### [Assignment]
Give back, exactly as written, the lines from the first line of the data below through the line with "加えて、イベントに参加できな", and omit the pictures.

### [Available data]

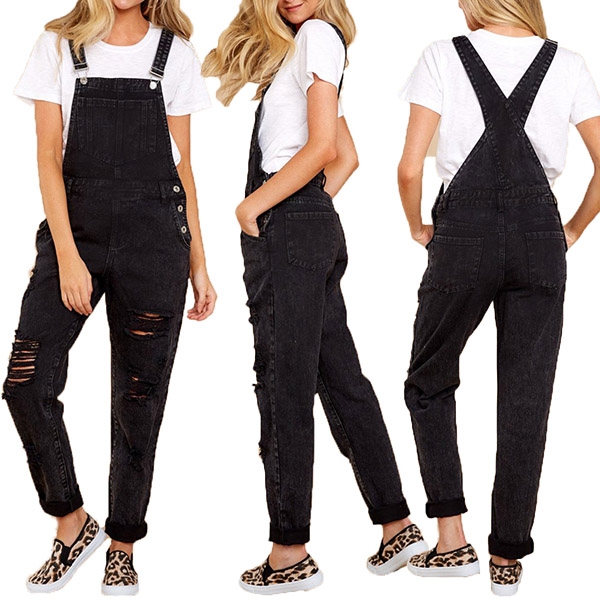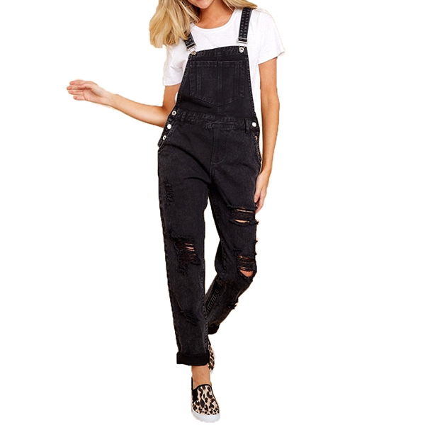 Your wardrobe would be more complete by adding this denim overalls. The ripped details will enhance its charm,
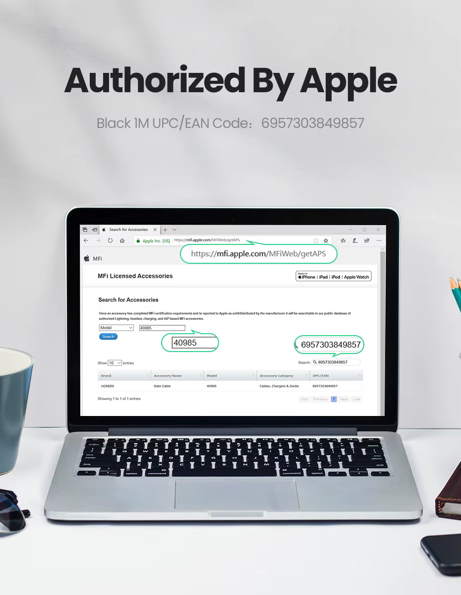 Autorizado por AppleDiga no al cable que no sea MFi, puede verificar la información certificada MFi a través del código UPC/EAN de este cable Lightning: 6957303849857
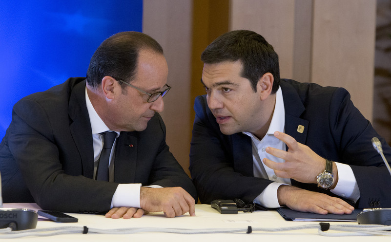 Greek PM Alexis Tsipras (r) and French president Francois Hollande (l) at the euro summit in Brussels. Further work is needed before an agreement is reached. (Photo: Consillium)
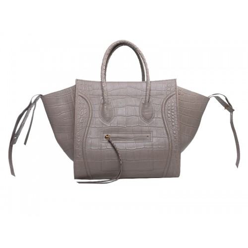 Bolso tote cuadrado Phantom de Celine Luggage en color caqui claro con efecto cocodrilo
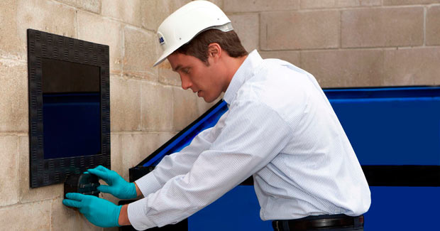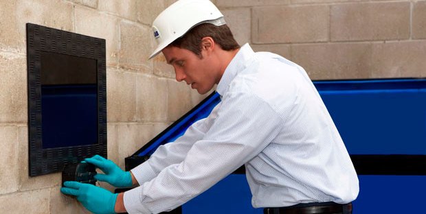 Fig 1. Un técnico de control de plagas de Ecolab insertando el paquete odorífero en el Stealth Fly Station./ Ecolab 2014
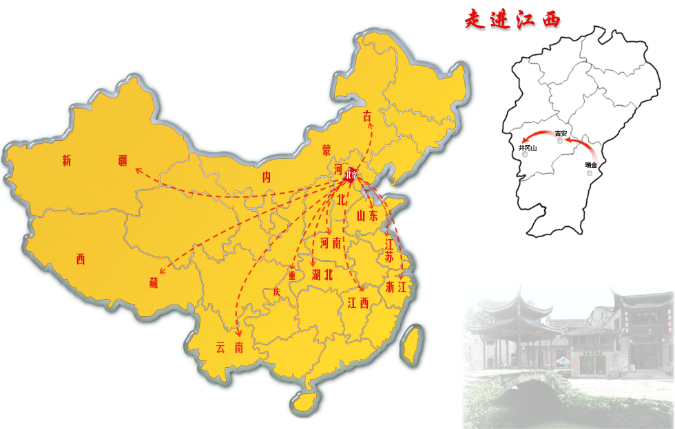 瑞金,位于江西省東南邊陲,因地產(chǎn)黃金,金為瑞,故名。江西瑞金是一片具有光榮革命歷史的紅土地。20世紀30年代,中國共產(chǎn)黨領導創(chuàng)建以瑞金為中心的中央革命根據(jù)地(中央蘇區(qū))。井岡山既是一個旅游勝地,亦是一處革命圣地。從這里燃起的星星之火,后來蔓延成熊熊烈焰,最后紅遍了全中國。
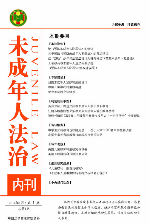 《未成年人法治內(nèi)刊》力求充分發(fā)揮中國法學會的職能和優(yōu)勢,及時、全面收集未成年人法治領域的最新信息及相關研究成果,為中央領導和有關部門提供決策參考。內(nèi)刊設編委會,主任為中國法學會黨組書記、常務副會長陳冀平同志,副主任為中國法學會黨組成員、副會長、學術委員會主任張文顯同志,委員由未成年人法治理論與實務部門的24位著名專家學者組成。主編由中國法學會法律信息部主任李仕春教授擔任,執(zhí)行主編為曹菲副研究員,副主編為劉燦華助理研究員。
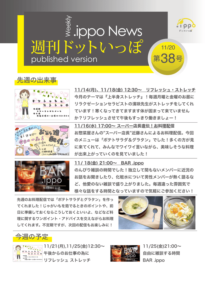 加えて、イベントに参加できなかった人でも、コミュニティ内の活動状況が分かるように、『週刊ドットいっぽ』というコミュニティ内の配信を毎週行っています。コミュニティ内での様々な活動をコミュニケーションのきっかけにして、様々なつながりを作っていただけるよう、今後も工夫を重ねてまいります。
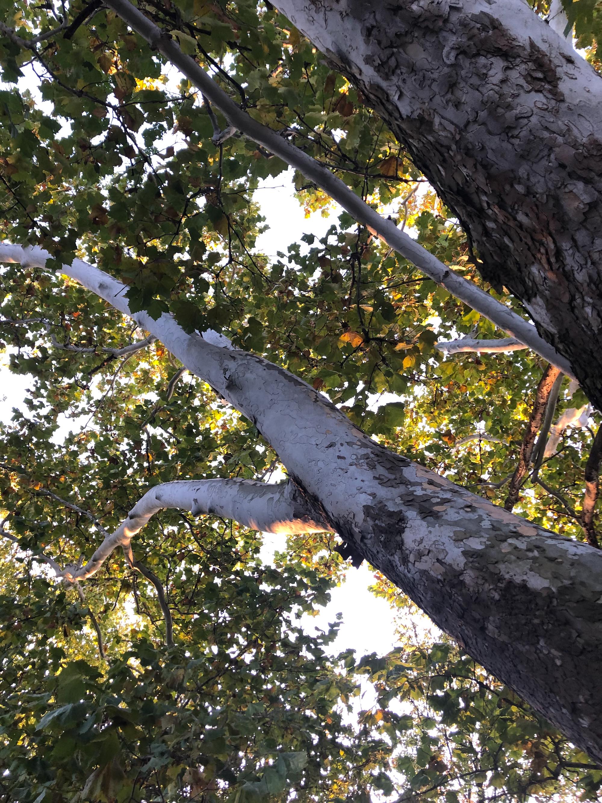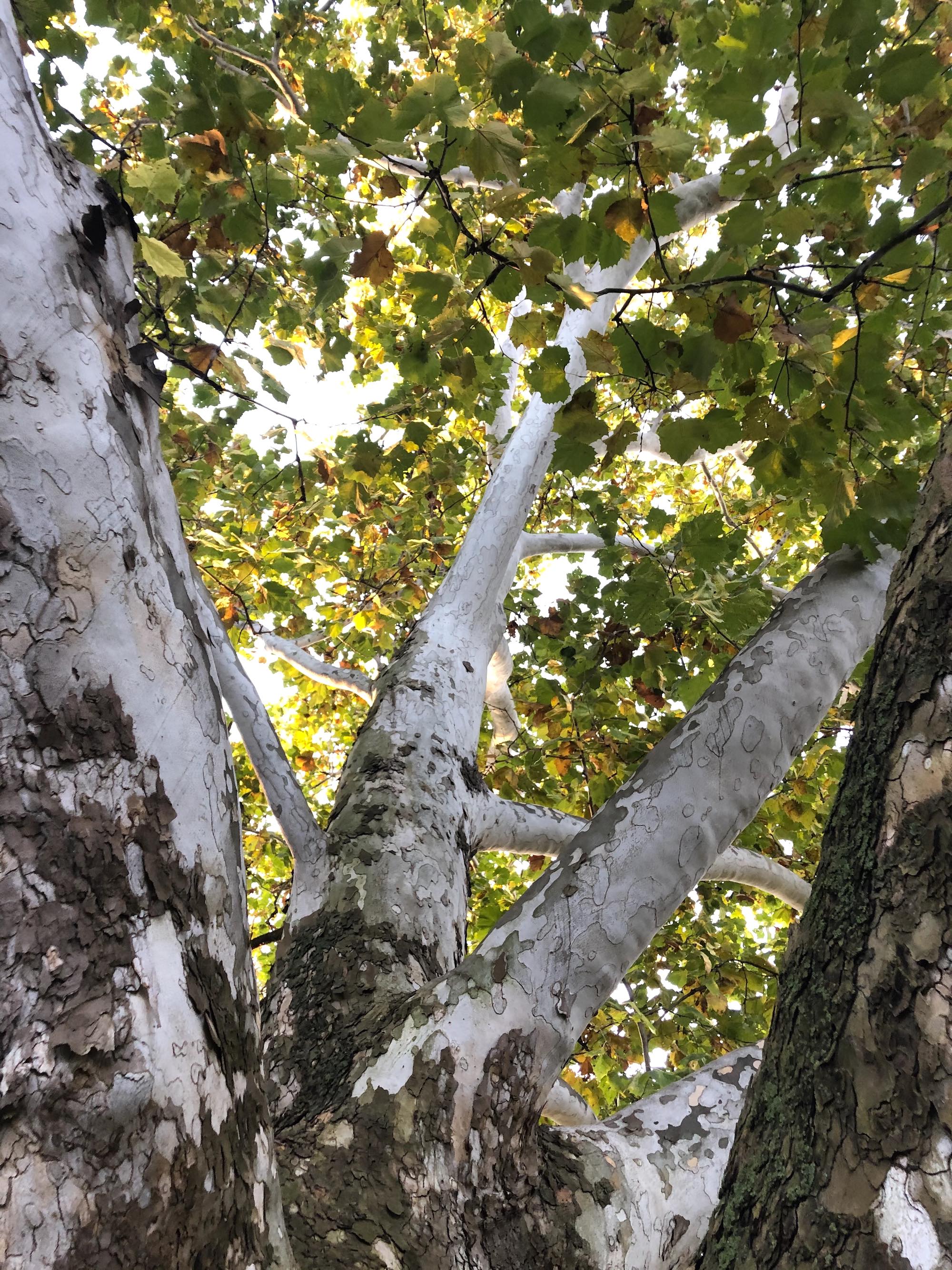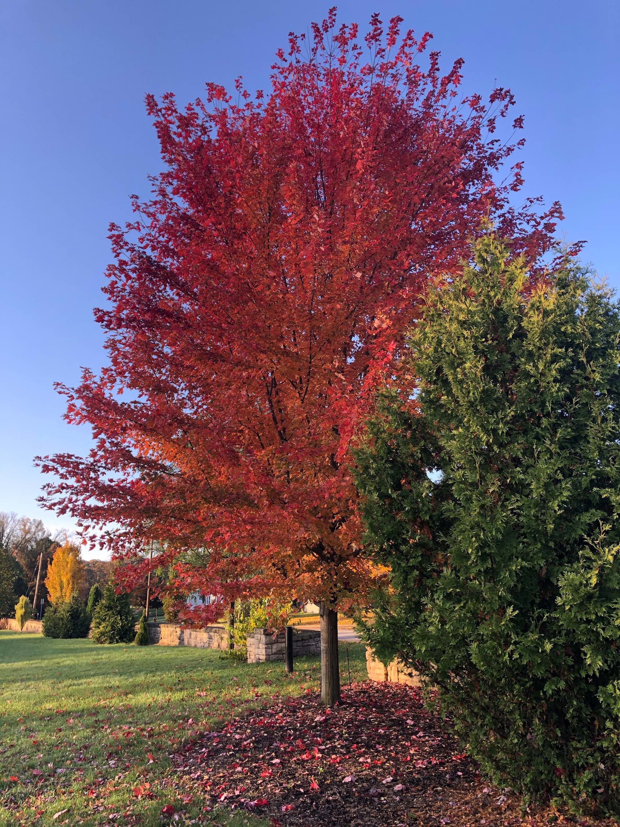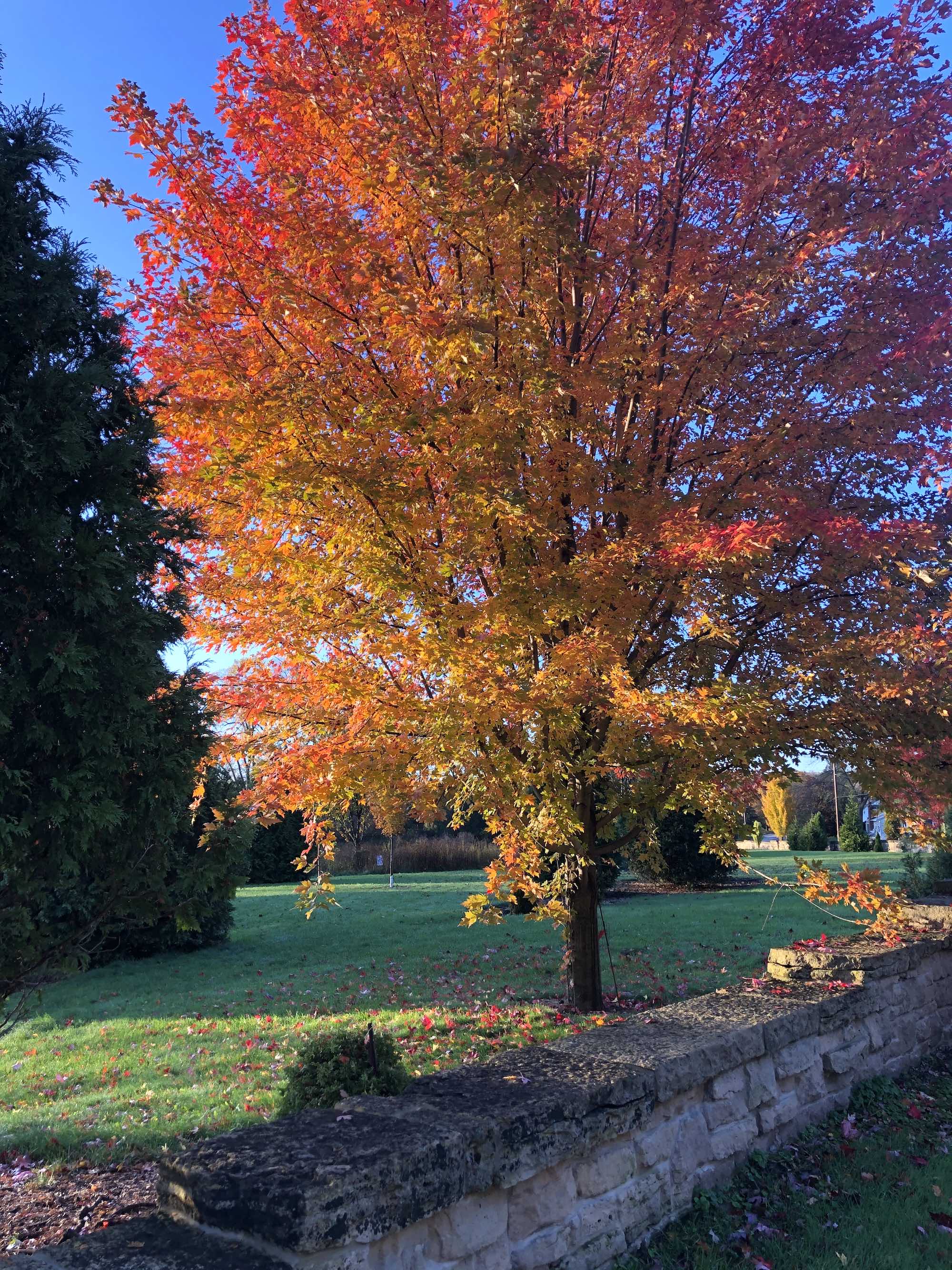 Above: Fall trees beside UW Arboretum stone wall along Nakoma Road and Manitou Way on October 24, 2019 (38°).

### [Problem solution]
 Your wardrobe would be more complete by adding this denim overalls. The ripped details will enhance its charm,
 Autorizado por AppleDiga no al cable que no sea MFi, puede verificar la información certificada MFi a través del código UPC/EAN de este cable Lightning: 6957303849857
 Greek PM Alexis Tsipras (r) and French president Francois Hollande (l) at the euro summit in Brussels. Further work is needed before an agreement is reached. (Photo: Consillium)
 Bolso tote cuadrado Phantom de Celine Luggage en color caqui claro con efecto cocodrilo
 Fig 1. Un técnico de control de plagas de Ecolab insertando el paquete odorífero en el Stealth Fly Station./ Ecolab 2014
 瑞金,位于江西省東南邊陲,因地產(chǎn)黃金,金為瑞,故名。江西瑞金是一片具有光榮革命歷史的紅土地。20世紀30年代,中國共產(chǎn)黨領導創(chuàng)建以瑞金為中心的中央革命根據(jù)地(中央蘇區(qū))。井岡山既是一個旅游勝地,亦是一處革命圣地。從這里燃起的星星之火,后來蔓延成熊熊烈焰,最后紅遍了全中國。
 《未成年人法治內(nèi)刊》力求充分發(fā)揮中國法學會的職能和優(yōu)勢,及時、全面收集未成年人法治領域的最新信息及相關研究成果,為中央領導和有關部門提供決策參考。內(nèi)刊設編委會,主任為中國法學會黨組書記、常務副會長陳冀平同志,副主任為中國法學會黨組成員、副會長、學術委員會主任張文顯同志,委員由未成年人法治理論與實務部門的24位著名專家學者組成。主編由中國法學會法律信息部主任李仕春教授擔任,執(zhí)行主編為曹菲副研究員,副主編為劉燦華助理研究員。
 加えて、イベントに参加できなかった人でも、コミュニティ内の活動状況が分かるように、『週刊ドットいっぽ』というコミュニティ内の配信を毎週行っています。コミュニティ内での様々な活動をコミュニケーションのきっかけにして、様々なつながりを作っていただけるよう、今後も工夫を重ねてまいります。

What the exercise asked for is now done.